Task description: Could you retype exactly the lines below between the one holding "Keywords: cat domestic" and the one holding "경총은 11일 오전 서울", inclusive, leaving out any pictures?

── Records provided

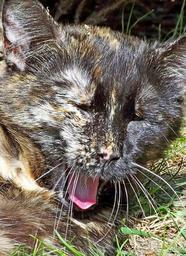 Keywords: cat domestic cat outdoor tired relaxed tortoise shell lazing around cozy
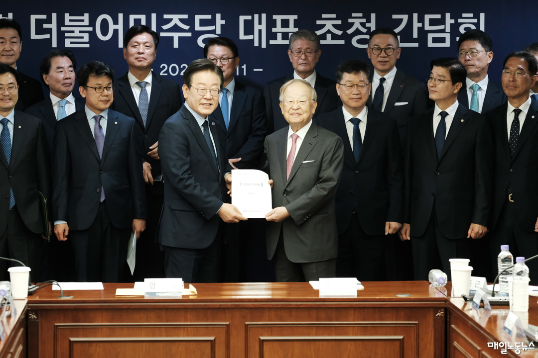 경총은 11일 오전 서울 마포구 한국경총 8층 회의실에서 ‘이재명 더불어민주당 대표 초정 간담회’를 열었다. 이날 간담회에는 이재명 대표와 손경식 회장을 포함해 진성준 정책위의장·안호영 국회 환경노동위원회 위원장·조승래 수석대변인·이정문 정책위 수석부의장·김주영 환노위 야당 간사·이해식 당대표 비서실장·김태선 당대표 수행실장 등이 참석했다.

────
── Records provided

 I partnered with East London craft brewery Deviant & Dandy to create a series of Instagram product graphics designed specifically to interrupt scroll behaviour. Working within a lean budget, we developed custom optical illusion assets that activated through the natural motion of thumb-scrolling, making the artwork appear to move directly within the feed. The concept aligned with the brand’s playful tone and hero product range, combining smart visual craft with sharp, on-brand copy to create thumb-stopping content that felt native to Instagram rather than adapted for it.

────

Written response:
 Keywords: cat domestic cat outdoor tired relaxed tortoise shell lazing around cozy
 경총은 11일 오전 서울 마포구 한국경총 8층 회의실에서 ‘이재명 더불어민주당 대표 초정 간담회’를 열었다. 이날 간담회에는 이재명 대표와 손경식 회장을 포함해 진성준 정책위의장·안호영 국회 환경노동위원회 위원장·조승래 수석대변인·이정문 정책위 수석부의장·김주영 환노위 야당 간사·이해식 당대표 비서실장·김태선 당대표 수행실장 등이 참석했다.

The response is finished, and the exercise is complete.